TASK REQUIREMENTS =
Read the records and gather each line that includes "features".

Extracted data entries:
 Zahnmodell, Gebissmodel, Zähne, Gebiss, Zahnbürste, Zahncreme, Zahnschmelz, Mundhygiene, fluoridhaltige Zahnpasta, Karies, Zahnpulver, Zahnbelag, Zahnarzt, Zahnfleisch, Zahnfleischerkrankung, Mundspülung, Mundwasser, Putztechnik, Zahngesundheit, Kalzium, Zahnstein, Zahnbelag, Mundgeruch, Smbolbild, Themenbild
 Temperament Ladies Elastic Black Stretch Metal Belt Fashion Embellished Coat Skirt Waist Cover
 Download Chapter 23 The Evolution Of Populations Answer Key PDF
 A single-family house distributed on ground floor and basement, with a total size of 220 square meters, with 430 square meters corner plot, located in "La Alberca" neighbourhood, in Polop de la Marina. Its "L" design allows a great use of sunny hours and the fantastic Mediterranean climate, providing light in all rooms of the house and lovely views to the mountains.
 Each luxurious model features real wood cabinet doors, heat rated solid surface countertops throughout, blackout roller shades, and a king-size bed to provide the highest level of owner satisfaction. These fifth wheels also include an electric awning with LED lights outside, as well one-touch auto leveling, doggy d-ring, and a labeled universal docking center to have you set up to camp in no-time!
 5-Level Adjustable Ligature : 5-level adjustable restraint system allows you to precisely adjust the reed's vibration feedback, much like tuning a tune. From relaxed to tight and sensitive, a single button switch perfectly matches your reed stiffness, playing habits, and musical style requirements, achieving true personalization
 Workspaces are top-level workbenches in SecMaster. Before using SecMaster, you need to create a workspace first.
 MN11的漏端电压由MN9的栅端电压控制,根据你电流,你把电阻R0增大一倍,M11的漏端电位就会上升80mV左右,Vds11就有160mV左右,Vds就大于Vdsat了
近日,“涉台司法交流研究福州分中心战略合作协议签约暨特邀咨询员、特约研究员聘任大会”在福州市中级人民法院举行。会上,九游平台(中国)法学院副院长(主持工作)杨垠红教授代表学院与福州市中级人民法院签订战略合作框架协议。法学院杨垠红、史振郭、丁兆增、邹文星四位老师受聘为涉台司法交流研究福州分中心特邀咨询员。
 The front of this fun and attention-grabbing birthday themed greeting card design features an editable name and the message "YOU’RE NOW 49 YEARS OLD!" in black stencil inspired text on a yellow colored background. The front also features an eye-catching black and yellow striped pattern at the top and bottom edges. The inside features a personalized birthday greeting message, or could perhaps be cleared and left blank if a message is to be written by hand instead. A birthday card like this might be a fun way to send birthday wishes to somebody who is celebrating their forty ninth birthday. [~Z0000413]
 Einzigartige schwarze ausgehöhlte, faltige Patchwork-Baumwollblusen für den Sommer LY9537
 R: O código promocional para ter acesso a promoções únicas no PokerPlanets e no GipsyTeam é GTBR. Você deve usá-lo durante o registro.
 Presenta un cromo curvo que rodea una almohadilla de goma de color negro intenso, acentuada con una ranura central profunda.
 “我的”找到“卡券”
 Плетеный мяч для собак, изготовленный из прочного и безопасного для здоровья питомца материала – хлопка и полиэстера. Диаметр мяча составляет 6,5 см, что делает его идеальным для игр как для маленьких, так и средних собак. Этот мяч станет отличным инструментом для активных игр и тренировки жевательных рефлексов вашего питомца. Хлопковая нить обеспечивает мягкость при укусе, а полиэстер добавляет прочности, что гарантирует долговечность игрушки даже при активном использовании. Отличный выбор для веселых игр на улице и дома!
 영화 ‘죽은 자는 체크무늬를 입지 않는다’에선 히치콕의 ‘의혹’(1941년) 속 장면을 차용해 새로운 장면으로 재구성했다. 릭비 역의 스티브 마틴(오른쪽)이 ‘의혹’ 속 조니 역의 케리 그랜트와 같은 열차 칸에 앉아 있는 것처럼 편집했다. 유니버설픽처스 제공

YOUR SOLUTION =
 Each luxurious model features real wood cabinet doors, heat rated solid surface countertops throughout, blackout roller shades, and a king-size bed to provide the highest level of owner satisfaction. These fifth wheels also include an electric awning with LED lights outside, as well one-touch auto leveling, doggy d-ring, and a labeled universal docking center to have you set up to camp in no-time!
 The front of this fun and attention-grabbing birthday themed greeting card design features an editable name and the message "YOU’RE NOW 49 YEARS OLD!" in black stencil inspired text on a yellow colored background. The front also features an eye-catching black and yellow striped pattern at the top and bottom edges. The inside features a personalized birthday greeting message, or could perhaps be cleared and left blank if a message is to be written by hand instead. A birthday card like this might be a fun way to send birthday wishes to somebody who is celebrating their forty ninth birthday. [~Z0000413]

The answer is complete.